Verse 2: Mixture X includes HCOOH and CH3COOH (molar ratio 1:1). Take 5.3 grams of X to work with 5.75 grams of C2H5OH (catalyst H2SO4 concentrated) to obtain mg of the ester mixture (the efficiency of the esterification reactions is 80%). Calculate the value of m.
Question 3: For 0.3 mol of monomeric acid X mixed with 0.25 mol of ethyl alcohol to carry out esterification reaction to obtain 18 grams of ester. Separate the excess alcohol and acid to react with Na and see the release of 2.128 liters of H2. Determine the acid formula and the esterification reaction yield.
Question 4: Let 4 moles of acetic acid react with a mixture of 0.5 moles of glycerol and 1 mole of etilenglicol (catalyst H2SO4).

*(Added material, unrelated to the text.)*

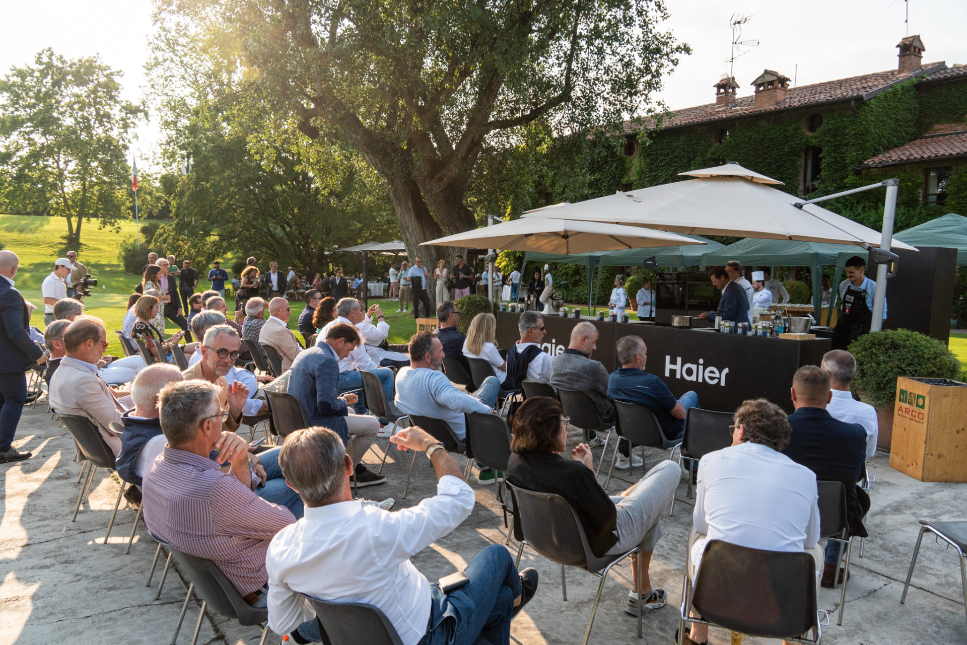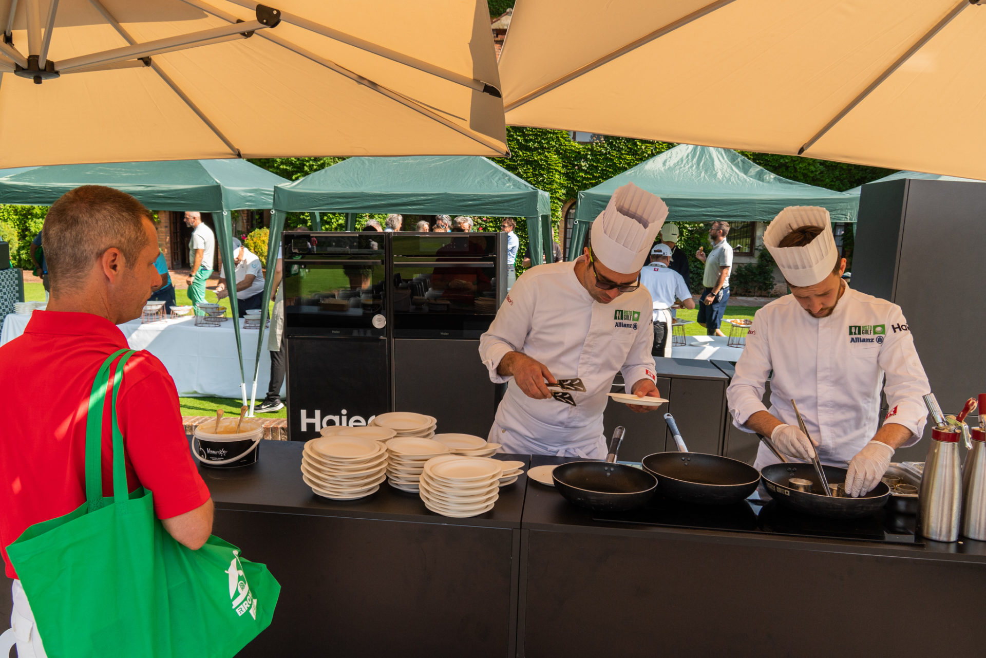 Dopo la gara, un momento di relax per i nostri giocatori. Seduti comodi, inizia lo spettacolo. Inizia lo showcooking con le attrezzature del Main Sponsor del Circuito Ristogolf 2023 by Allianz: un grazie ad Haier!
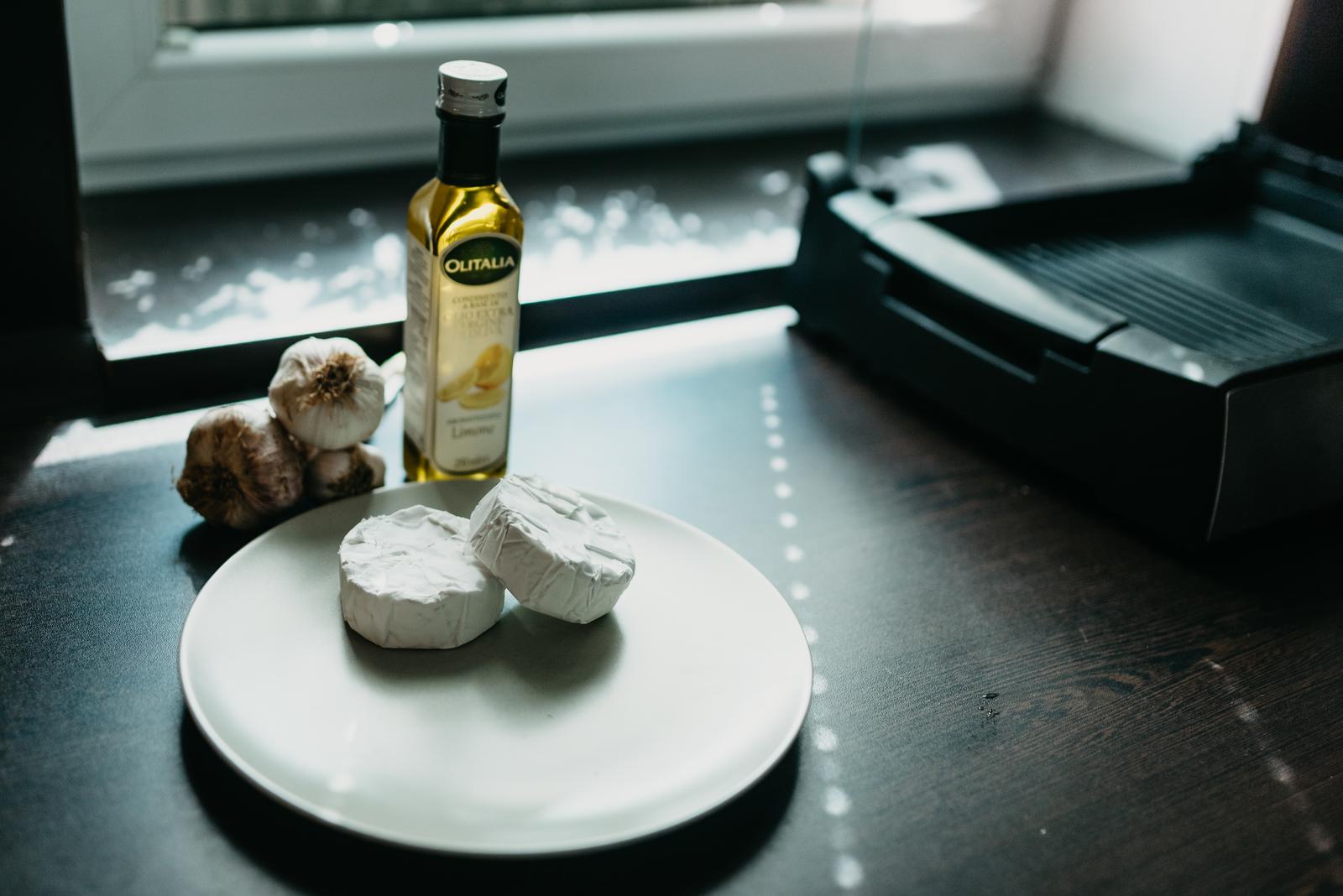 Hermelín jsme nechali na grilu 7 minut pod přiklopeným sklem a sníženou teplotou na termostatu. A byl uvnitř ideálně rozteklý.

Calculate the mass of product obtained out of water given that 50% acid and 80% each alcohol react.
3.2. Multiple choice exercises
Question 1: The substance that releases the most energy when oxidizing food is:
A. Protein
B. Powder
C. Fat
D. Fiber
Verse 2: Which of the following is a formula for fat?
A. R-COOH
B. OLD17H35-COOH
C. OLD3H5(OH)3
D. (C17H35-COO)3OLD3H5
Question 3: There are three unlabelled vials: ethyl alcohol, acetic acid, cooking oil. How can the following be distinguished?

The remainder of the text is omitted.